> **THE TASK**
Every line below from the one containing "قال بعض أصحابنا: يكره" through the one containing "показателями: общей (титруемой)" must be transcribed exactly. Omit all lines outside that stretch.

> **RECORDS SUPPLIED**
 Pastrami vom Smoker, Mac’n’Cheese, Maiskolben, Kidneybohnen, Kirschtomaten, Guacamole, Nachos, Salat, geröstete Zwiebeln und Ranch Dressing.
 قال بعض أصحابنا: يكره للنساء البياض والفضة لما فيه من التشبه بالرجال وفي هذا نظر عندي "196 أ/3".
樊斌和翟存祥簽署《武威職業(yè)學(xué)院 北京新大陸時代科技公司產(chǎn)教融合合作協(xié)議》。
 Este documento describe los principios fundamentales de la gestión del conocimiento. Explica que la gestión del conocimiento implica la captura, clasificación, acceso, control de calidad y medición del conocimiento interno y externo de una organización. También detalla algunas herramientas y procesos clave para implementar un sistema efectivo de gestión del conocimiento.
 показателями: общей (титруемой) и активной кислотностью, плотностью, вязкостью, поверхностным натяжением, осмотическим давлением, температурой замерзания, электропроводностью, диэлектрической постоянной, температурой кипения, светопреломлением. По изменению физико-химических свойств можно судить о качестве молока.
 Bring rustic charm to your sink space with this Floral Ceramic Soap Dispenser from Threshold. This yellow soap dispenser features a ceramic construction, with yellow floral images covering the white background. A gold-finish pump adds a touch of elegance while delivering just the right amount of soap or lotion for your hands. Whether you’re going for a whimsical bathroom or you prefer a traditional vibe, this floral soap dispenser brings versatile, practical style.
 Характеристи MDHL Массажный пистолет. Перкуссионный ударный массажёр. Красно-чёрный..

...

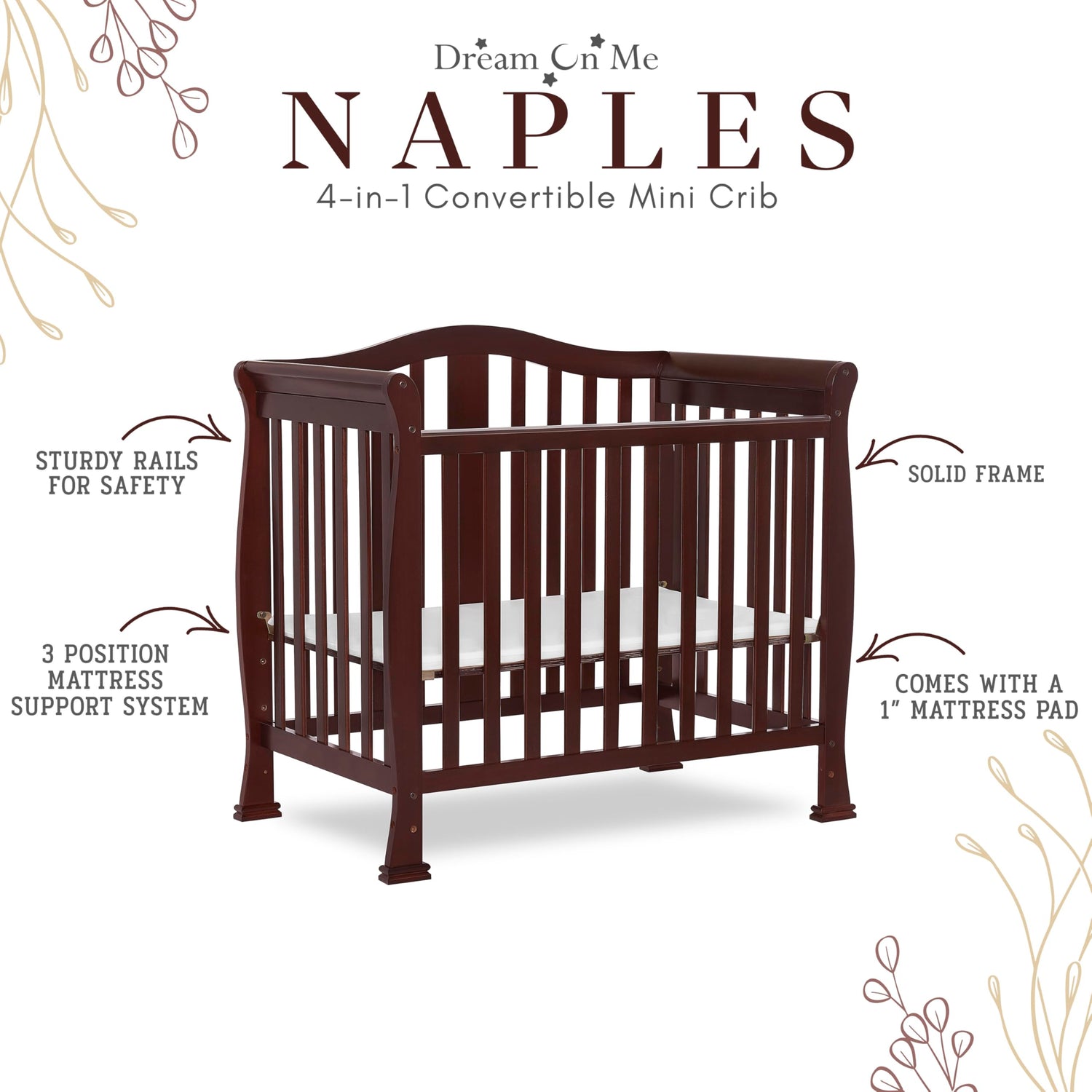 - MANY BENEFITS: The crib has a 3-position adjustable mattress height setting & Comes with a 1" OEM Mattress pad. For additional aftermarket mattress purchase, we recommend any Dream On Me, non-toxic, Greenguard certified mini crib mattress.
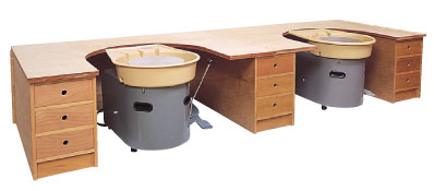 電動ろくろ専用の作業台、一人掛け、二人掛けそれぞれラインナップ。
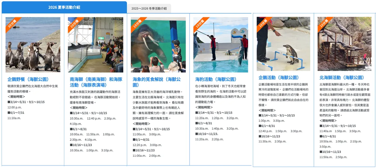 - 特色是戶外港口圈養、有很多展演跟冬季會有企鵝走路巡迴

* * *

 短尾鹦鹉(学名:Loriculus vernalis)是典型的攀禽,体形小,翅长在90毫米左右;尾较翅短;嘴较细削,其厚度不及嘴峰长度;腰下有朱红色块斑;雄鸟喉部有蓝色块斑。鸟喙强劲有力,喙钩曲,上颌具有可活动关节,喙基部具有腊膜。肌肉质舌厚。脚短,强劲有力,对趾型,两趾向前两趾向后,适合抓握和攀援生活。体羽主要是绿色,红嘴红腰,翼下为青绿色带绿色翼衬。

> **RESULT OF THE EXERCISE**
 قال بعض أصحابنا: يكره للنساء البياض والفضة لما فيه من التشبه بالرجال وفي هذا نظر عندي "196 أ/3".
樊斌和翟存祥簽署《武威職業(yè)學(xué)院 北京新大陸時代科技公司產(chǎn)教融合合作協(xié)議》。
 Este documento describe los principios fundamentales de la gestión del conocimiento. Explica que la gestión del conocimiento implica la captura, clasificación, acceso, control de calidad y medición del conocimiento interno y externo de una organización. También detalla algunas herramientas y procesos clave para implementar un sistema efectivo de gestión del conocimiento.
 показателями: общей (титруемой) и активной кислотностью, плотностью, вязкостью, поверхностным натяжением, осмотическим давлением, температурой замерзания, электропроводностью, диэлектрической постоянной, температурой кипения, светопреломлением. По изменению физико-химических свойств можно судить о качестве молока.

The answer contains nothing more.